Capitel de Ochánduri (La Rioja) con la violación 
del hijo del vizconde de Poitiers a la peregrina (foto Omedes)

En un interesante curso celebrado recientemente en la UNED de Pontevedra, dirigido por la catedrática Inés Monteira, coordinado por nuestro admirado doctor Juan Antonio Olañeta Molina y con participación de notables investigadores (Nodar, Guesuraga, Dolores Guardia, entre otros) nos llamó la atención la inclusión de un tema poco estudiado y bien presentado por el profesor Abel de Lorenzo Rodríguez, de la USC, que trataba de las violaciones en la Alta Edad Media, sin duda más abundantes de lo que se refleja en las crónicas y que hemos propuesto se condenaran en algunas iconografías de territorios de reconquista, como los alrededores de Sepúlveda, donde, como escribimos en su día, aparecen denunciados esos crímenes y el clamor para que se impusiera justicia. Cuando lo cometían los poderosos (quizás habría que dejar de hablar en pasado) era más difícil conseguir la justicia y no digamos la condena. 

Una de las cosas que aprendimos leyendo los fueros de esas zonas de repoblación era la disposición que obligaba a las agredidas a salir gritando a la calle pidiendo justicia inmediata, si aún la quedaban fuerzas a la pobre víctima, para dejar testimonio del crimen,  cometido habitualmente sin testigos. Para resolver esas demandas se acudía en el siglo XI a las ordalías, e incluso en 1215 se prohibieron oficialmente por la Iglesia en el Concilio de Letrán, lo que significa que se seguían celebrando porque era un espectáculo. No había tele.
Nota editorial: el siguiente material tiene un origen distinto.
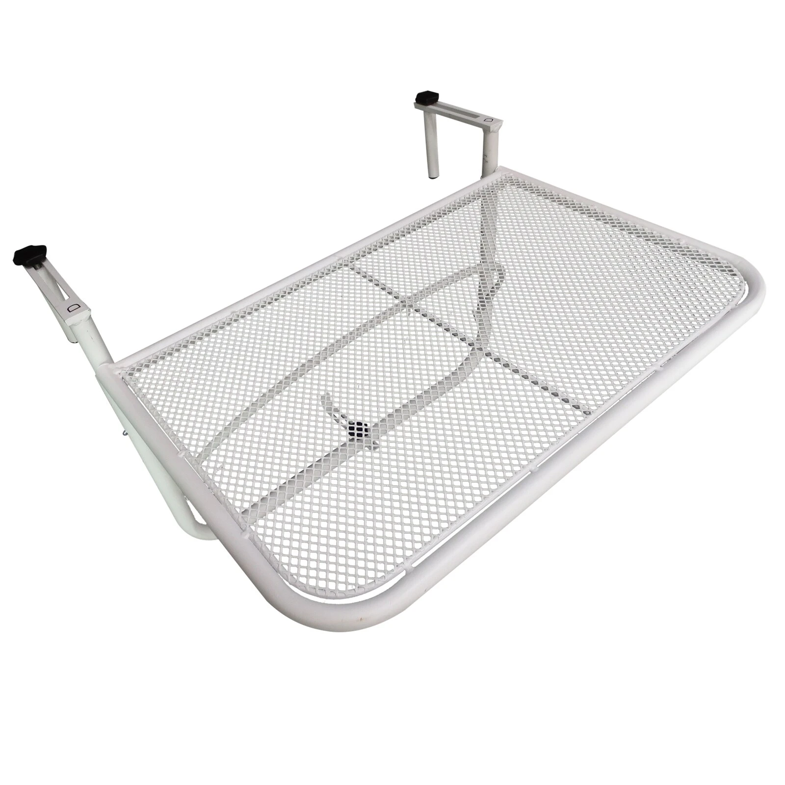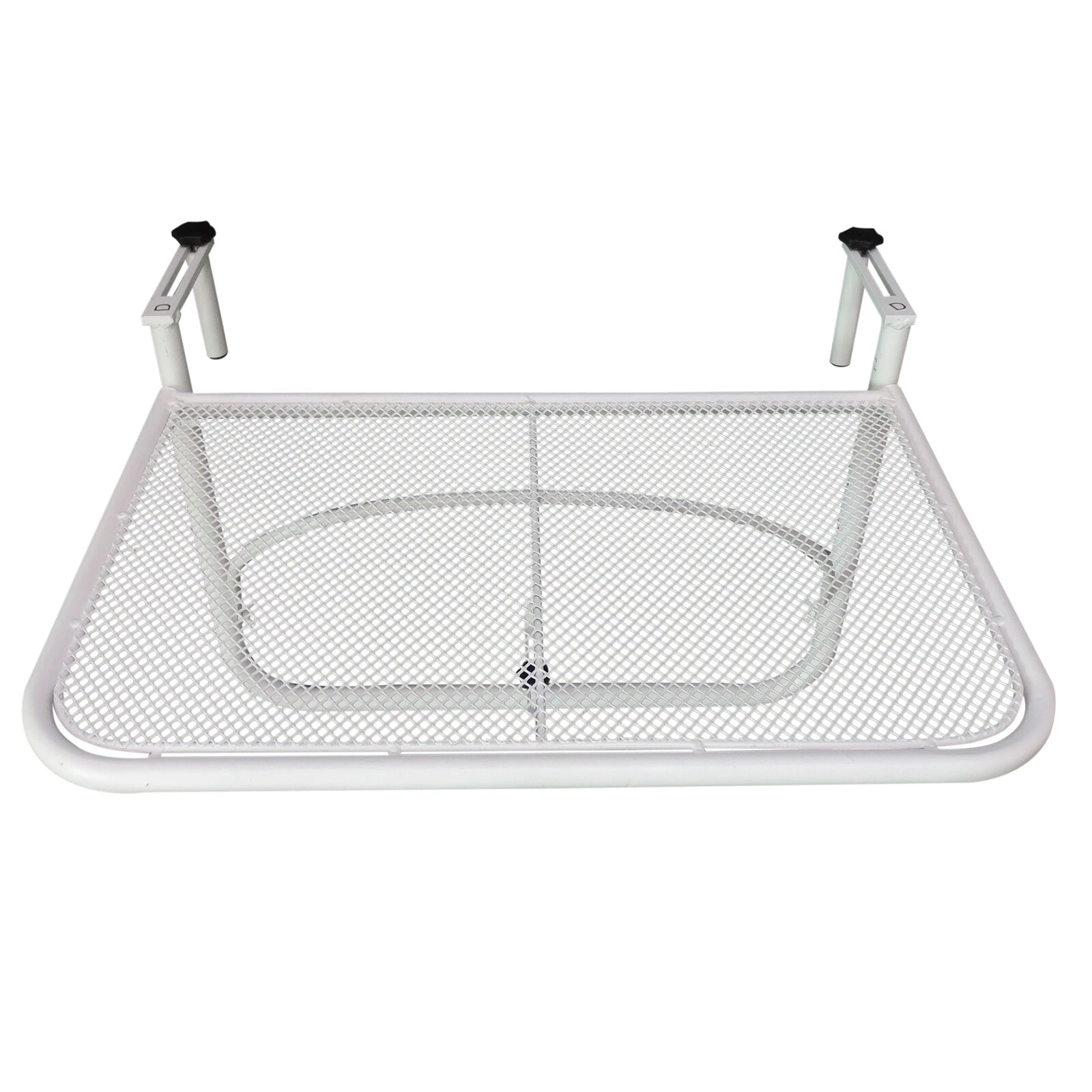 - Wertig und modern: Der Balkontisch mit vier abgerundeten Ecken verfügt über ein robustes, pulverbeschichtetes Metallgestell. Die Tischplatte ist in Maschen-Optik gefertigt.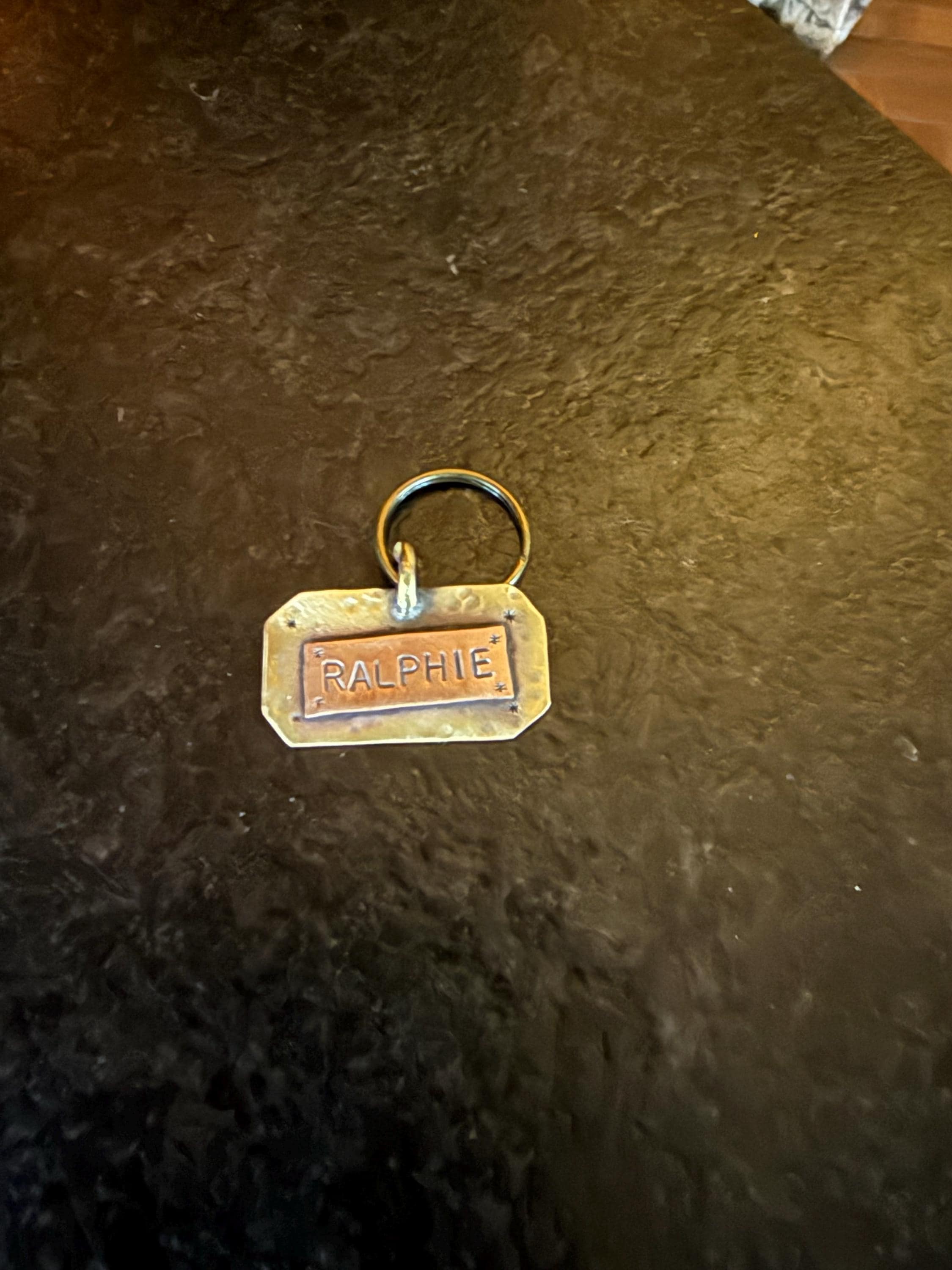 A 1.2" x 0.6" (3cm x 1,5cm) bronze tag with copper name plate !

Canecillo de Sta.Mª.de Uncastillo maravillosamente trabajado por Omedes (románico aragonés)


El profesor de Lorenzo aportó además en su conferencia una sorpresa que hizo levantar las orejas al sabueso profesor Olañeta, puesto que mostró un documento de archivo del que se podía deducir nada menos que la posible identidad de los protagonistas del magnífico canecillo de la iglesia de Santa María de Uncastillo, con la barragana sometida por el clérigo mientras sendas fieras (culebra y dragón) los atacan por donde pecan, cuyas fotos exhibidas por Omedes hacen las delicias de investigadores y alumnos. Olañeta ha trabajado con su recién restaurada iconografía.


Pero ese asunto lo dejamos para los sabios y nosotros vamos a realizar también  una propuesta de identificación, pero esta vez en el también famoso capitel de Ochánduri (La Rioja), puesto que el tema del curso se titulaba “El sexo en el arte y la cultura medieval” y aunque se le hizo un merecido traje a la medida por su descaro y oportunismo a la “novelista de moda” de Vitoria, en el curso se pretendía abordar el tema de manera científica y documentada.

Ochánduri

Pues bien; el profesor de Lorenzo nos facilitó previamente no uno sino dos trabajos muy interesantes. En uno de ellos publicado en 2022 (Anuario de Estudios Medievales 52-2) estudiaba las consecuencias económicas para la Iglesia de los hijos de clérigos, ya que muchas veces lo que temían éstos era la pérdida de propiedades de la Iglesia más que la condena del alma del pecador. Humanos somos.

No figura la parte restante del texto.